Soil samples were also air-dried to expel all moisture ground with mortar and pestle to very fine particles that could pass through 150 mm. About 0.2 g of soil sample was weighed into a beaker and 4 ml aqua-regia (3 ml, HNO3 and 1 ml HCl) was added. The mixture was stirred and put on a water bath for about an hour. After this it was removed, cooled and filtered twice using 150 mm diameter filter paper. The filtrate was transferred into 100 ml volumetric flask and made up to the mark. All the filtrates were sent to Water Research Institute (WRI) of the Council for Scientific and Industrial Research (CSIR), Accra, Ghana for analysis using Unicam 969 atomic absorption spectrophotometer.
For the analyses of phytic acid, 2 g of cereal was put in an Erlenmeyer flask and 25 ml of 3% HCI added. This was allowed to stand for about 45 min and then centrifuged. Then 5 ml of the supernatant solution was taken and 2 ml of FeCl3 solution added. This was heated for about 25 min and centrifuged again to obtain the ferric phytate precipitate. The precipitate was then washed with 3% HCI and later dispersed in water and 2 ml of 1.5 M NaOH and made up to a volume of 15 ml with water. It was then filtered and washed again with 3.2 M HNO3 and put into a 100 ml volumetric flask made up to the mark. Another 5 ml portion was transferred into another 100 ml volumetric flask and brought up to 70 ml. Then 20 ml of 1.5 M potassium thiocyanate was added and the concentration of Fe3+ obtained using a UV spectrophotometer. These results obtained for Fe3+ were used to estimate the amount of phytate phosphorus assuming 4Fe:6P. For the soil samples, the pH was obtained by adding 20 g of soil to 40 ml of distilled water and stirring for some time. Before taking the pH reading the instrument was calibrated with standard solutions of pH 4, 7 and 10.
RESULTS
Concentration of metal elements in soils: The results of samples of soils are listed in Table 1. The pH of the top soil was generally lower than the second horizon.
In Pusu-Namogo where two types of soils were analyzed for pH, it was observed that the loamy soils had higher pH than the sandy soils from the same area. The highest pH values were obtained from Pusu-Namogo which ranged from 6.28-7.57. while the soils in Winkogo were the most acidic (pH = 5.51-5.53) even though Tongo Central top loamy soil had the least pH = 5.23. The trend of concentration of the metals was similar to that observed in the pH. All the soils had the metal concentrations higher at the lower horizons. Concentration of Fe was very high in the samples than any other metal. Ni concentration was either low or below detection. This could be due to the inherent low levels of Ni in the bedrock in the area. On the other hand, Fe is a major element of the earth crust and was found to be high in all the soil samples.

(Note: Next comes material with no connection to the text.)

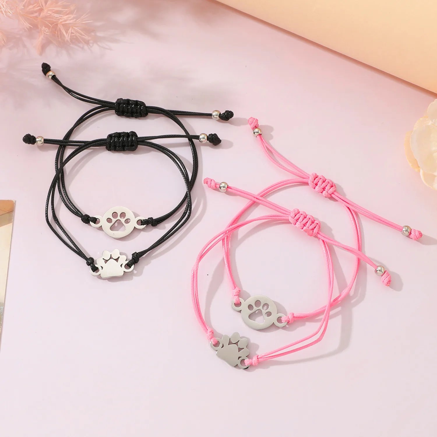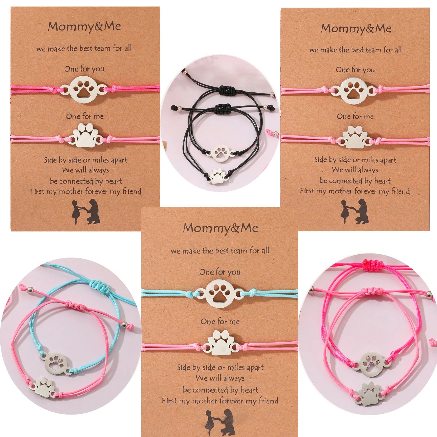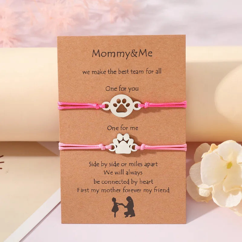 Lot de 2 Bracelets Cordon Réglable avec Carte - Mère Fille - Pate Chien Chat - Famille Parents Enfant Maman Fille - Acier Inoxydable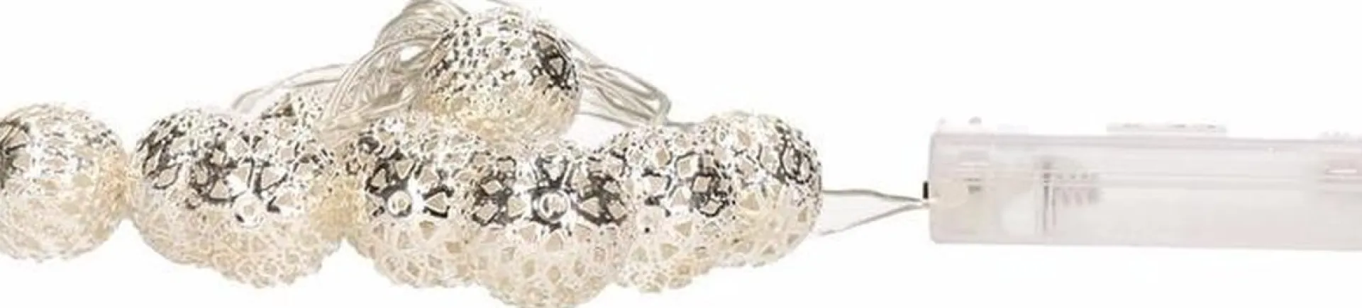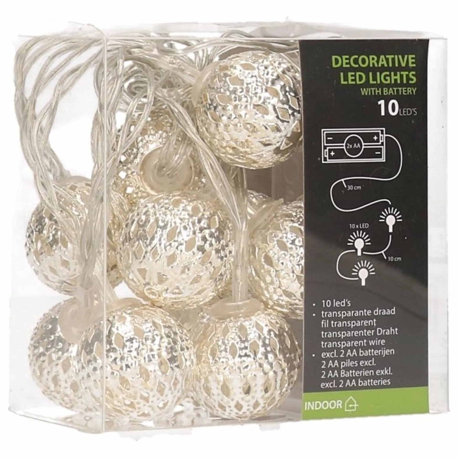 Kerstverlichting Kerstballen Slinger Met Led Licht 90 Cm. Een Snoer Met 10 Glazen Zilverkleurige Bollen/ Kerstballen Met Wit Led Licht. Een Lichtsnoer Werkt Op 2 Aa Batterijen (Niet Inbegrepen). Alleen Geschikt Voor Gebruik Binnenshuis. Diameter Balletjes: Ongeveer 2 Cm.Kerstverlichting Kerstlampjes/Kerstlichtjes Lichtsnoeren Met Kerstballen.

Levels of P in soils and cereal: Total phosphorus (Pt) and that associated with phytic acid (Pa) were significantly high in all the cereals. Total phosphorus of pearl millet and sorghum ranged from 118-254.5 while phytic acid phosphorus Pa ranged from 59.25- 114.25 mg/100g resulting in a percentage range of 23.3- 64.3% in the Talensi-Nabdam District. In the Kasena-Nankana District, Pt ranged from 176.5-467 mg/100g while that due to Pa was 48.0-72.0 mg/100g. Total phosphorus in rice was comparatively high and ranged from 71.5-316.5 while the phytic acid phosphorus also ranged from 22.95-103 mg/100g.
Generally the values of Pt and Pa indicate a relatively higher concentration of P in all the cereals including rice in the two districts. This is shown by the high mean values, that of sorghum and pearl millet were respectively 275.0 and 321.7 mg/100g in KND while in TND, the respective mean values were 189.5 and 186.5 mg/100g. The rice had mean total phosphorus of 160.4 mg/100g (Table 2). The trend of phosphorus concentration derived from phytic acid was observed to be opposite to that of total phosphorus in the two districts. While Pt was considerably higher in KND, the Pa was higher in TND, which suggests that the percentage of phytic acid in TND will be higher, although rice had a significantly high Pt, the Pa was comparatively lower. It was observed that sorghum and pearl millet in the TND area had comparatively lower Pt in the two cereals but higher Pa than that in KND. In the two areas the mean Pt and Pa values were below the amount found in dormant seeds which is 60-90% as suggested by Loewus (2002) but higher than fresh seeds. Only sorghum in the TND was above 60% Pa. The cereals from KND although had considerable amount of Pa yet all were below that of dormant seeds. This indicates that either the seeds were fresh and had not undergone some dormancy to allow the development of phytic acid or they were inherently lower in phytic acid. This could require further investigation.
The relatively low level of phytic acid in these cereals suggests that many of the trace metals that are required for proper functioning of the body will not be precipitated by the acid and thus will be available in nutrition.
Rice is a common cereal found in every home and consumed by many people and with its relatively low level of Pa suggests that the needed nutrients in terms of trace metals can be available to them. Pearl millet is commonly used for the local porridge, which is one of the cheapest meals for breakfast and if it should contain high phytic acid, its use may be restricted which can economically affect people who need additional supplements of trace metals.
Concentration of metal elements and phytic acid in cereals: Concentration of metals and percentage phytic acid for pearl millet in the Talensi-Nabdam and that for Kasena-Nankana Districts are presented in Table 3.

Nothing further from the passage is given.